Ever been buried in logs five minutes before a stand‑up? You have metrics and errors, but not a story. Artificial Intelligence (AI) can transform your raw Bash output into concise, actionable reports you can hand to your team or execs—without ripping out your existing tooling.

This article shows how to add an “AI summarizer” step to your Bash workflows. You’ll install minimal CLI tools, collect the right signals, call an OpenAI‑compatible endpoint via curl, and generate a clean Markdown report. It stays in Bash, plays nicely with cron, and works with any OpenAI‑compatible API (hosted or self‑hosted).

Why AI + Bash is a valid combo

  • You already have the data: df, ps, journalctl, dmesg, and friends. The problem is cognitive overload, not collection.

  • LLMs are great at synthesis: they turn noisy, heterogeneous text into a structured, prioritized summary with next actions.

  • Minimal surface area: use curl and jq to hit an OpenAI‑compatible endpoint. No heavy agents or long‑running daemons.

  • Portable and auditable: it’s just Bash.

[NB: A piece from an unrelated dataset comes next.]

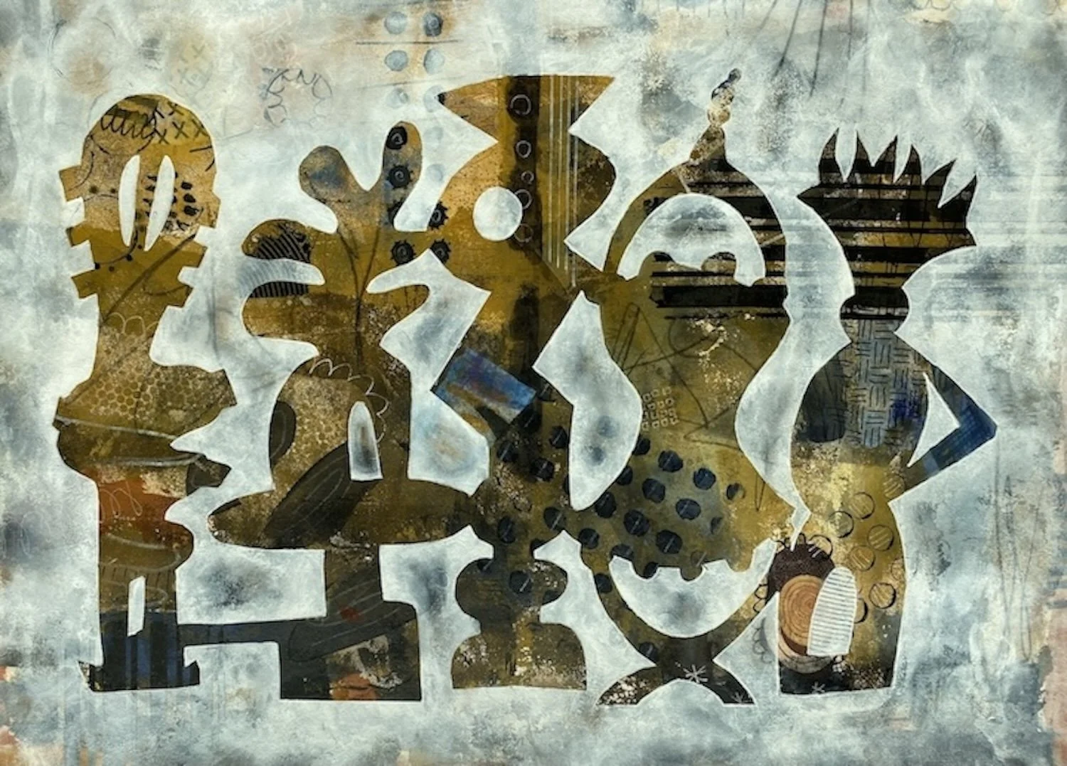 The work in We Are Family speaks to the messy and complicated relationships of family. I use the term family broadly not only to include the traditional family but also any close knit group of people connected by some sort of ties. Families can be wacky- sometimes nurturing sometimes neglectful. They can be places of belonging but also exclusion. In this series, I use organic, anthropomorphic forms to represent figures whose shapes intertwine and overlap, showing both friction and calmness as well as creating visual metaphors for lineage, inheritance, and the tension between individuality and collective identity.
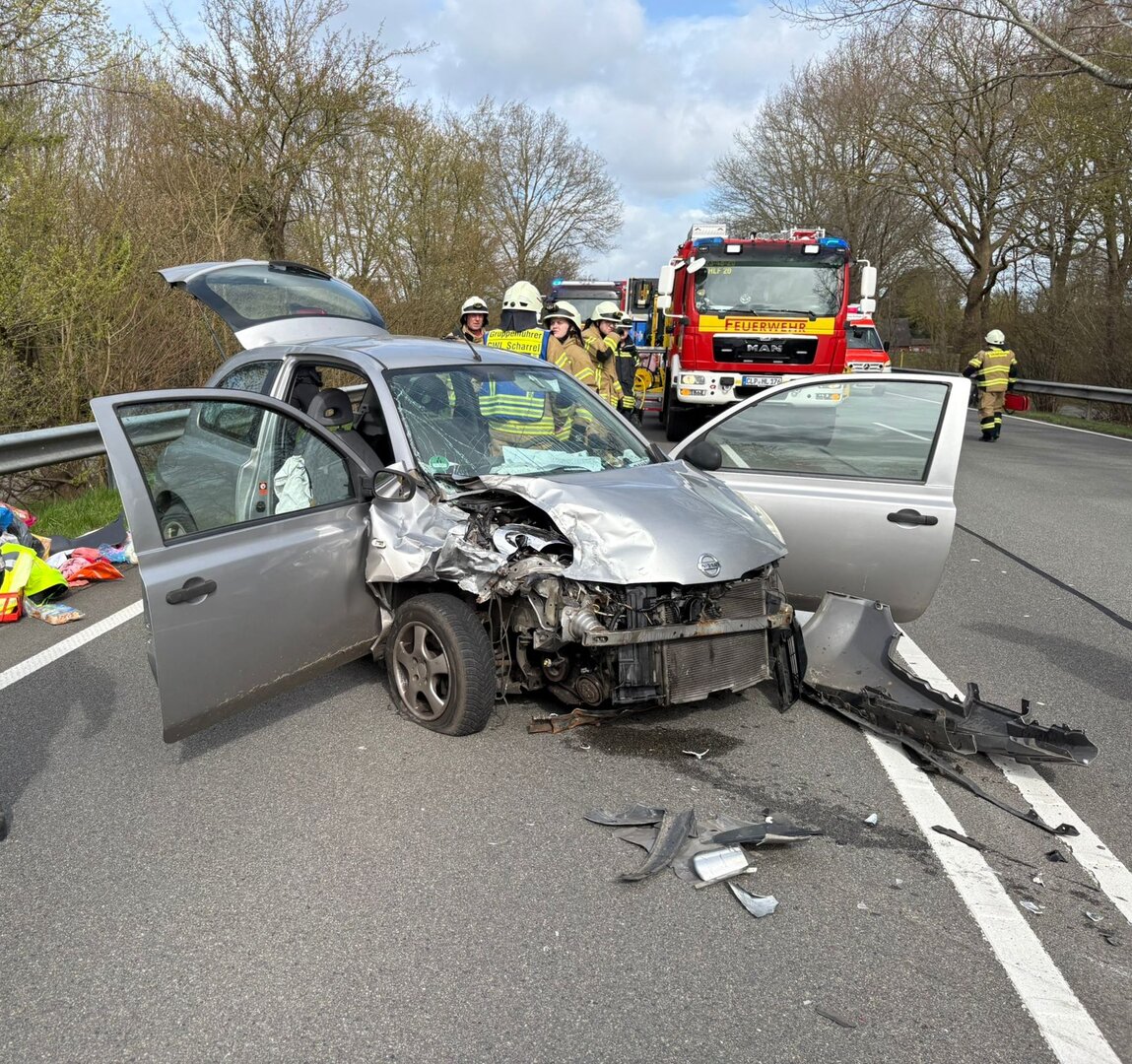 Eine 36-jährige Autofahrerin aus Spahnharrenstätte war aufgrund einer Panne mit eingeschaltetem Warnblinklicht und geringer Geschwindigkeit in Richtung Saterland unterwegs. Eine 28-jährige Fahrerin aus Barßel erkannte dies offenbar zu spät und fuhr auf das Fahrzeug auf. Beide PKW gerieten ins Schleudern. Die 28-Jährige Frau wurde so verletzt, dass sie mit dem Rettungshubschrauber in ein Krankenhaus geflogen wurde. Die 36-Jährige Frau erlitt leichte Verletzungen und wurde mit einem Rettungswagen in ein Krankenhaus gebracht.

Easy to review, version, and schedule across fleets.


1) Install prerequisites

We’ll use curl for API calls and jq for safe JSON handling. For scheduling, use cron/cronie.

  • Debian/Ubuntu (apt):
sudo apt update
sudo apt install -y curl jq cron
sudo systemctl enable --now cron
  • Fedora/RHEL/CentOS (dnf):
sudo dnf install -y curl jq cronie
sudo systemctl enable --now crond
  • openSUSE (zypper):
sudo zypper refresh
sudo zypper install -y curl jq cron
sudo systemctl enable --now cron

Tip: If you don’t want scheduling yet, you can skip enabling cron for now.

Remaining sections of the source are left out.